// voice & telephony · beginner

VoIP Fundamentals: How Voice Over IP Actually Works

9 min read · Updated May 2026 · By TechDirectory Editorial Team
In a nutshell: VoIP — Voice over IP — is just phone calls carried as data packets across an IP network instead of a dedicated telephone circuit. Two protocols do the heavy lifting: SIP handles signalling (ring, answer, hang up), RTP carries the actual audio. A codec compresses your voice into bits before sending and reconstructs it at the other end. Almost every business phone today is VoIP underneath, even when the user just sees a normal-looking desk phone.

What is VoIP?

VoIP stands for Voice over Internet Protocol. It's an umbrella term for any way of making phone calls where the call travels as IP packets over a computer network, rather than as an analogue signal down a copper pair, or as a digitised channel on the traditional phone system (PSTN, ISDN).

If you've ever used Microsoft Teams to make a call, dialled out from Zoom, used a Cisco / Yealink / Poly desk phone in an office, used WhatsApp voice, or set up a softphone app on your laptop — you've used VoIP. So has roughly every business phone system installed in Singapore since about 2015.

Why VoIP took over

VoIP didn't just replace traditional telephony for cost reasons. It replaced it because it removes the artificial separation between "voice" and "everything else IT."

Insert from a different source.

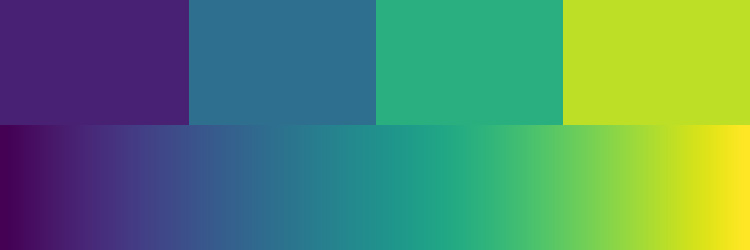 Viridis je sekvenčna barvna paleta, ki prehaja iz temno modre → turkizne → zelene → rumeno. Ključna lastnost pa je ta, da sprememba barve ustreza enakomerni spremembi vrednosti. To pomeni, da uporabnik ne vidi “lažnih poudarkov” ali nenadnih preskokov, kot se pogosto zgodi pri starejših paletah (npr. rainbow).

How a call works, step by step

When you pick up a VoIP phone and dial a number, roughly this happens:

  1. Signalling. Your phone sends a SIP INVITE message to your PBX (or cloud calling service) saying "I want to call this number, here's how to reach me for audio."
  2. Routing. The PBX figures out where the call should go. Internal extension? It looks up the registered IP address. External number? It hands the call to a SIP trunk connected to a telecom carrier, which puts it onto the wider phone network.
  3. Ringing. The remote phone (or carrier) responds with SIP messages — 180 Ringing, then 200 OK when answered.
  4. Audio. Once both ends are connected, a separate stream — RTP packets carrying chunks of compressed audio — flows directly between the endpoints (or via a media relay). This is the actual conversation.
  5. Hang up. Either side sends a SIP BYE. The audio stream stops. Done.

The two-protocol split (signalling vs media) is fundamental. You'll see it everywhere in VoIP: the "control plane" handled by SIP, the "data plane" handled by RTP.

Two protocols: SIP and RTP

SIP (Session Initiation Protocol) is the signalling protocol — it sets up, modifies, and tears down calls. It looks a lot like HTTP if you've ever read raw web traffic: text-based, with methods (INVITE, ACK, BYE) and response codes (200 OK, 404 Not Found, 486 Busy Here). SIP itself doesn't carry voice — it just negotiates the call.

RTP (Real-time Transport Protocol) carries the actual media — the audio packets, or video packets if it's a video call. RTP is designed for real-time delivery: it numbers packets and timestamps them so the receiver can re-order what arrives and detect what's missing, but it doesn't retransmit lost packets (a packet that arrives late is worse than a packet that never arrives).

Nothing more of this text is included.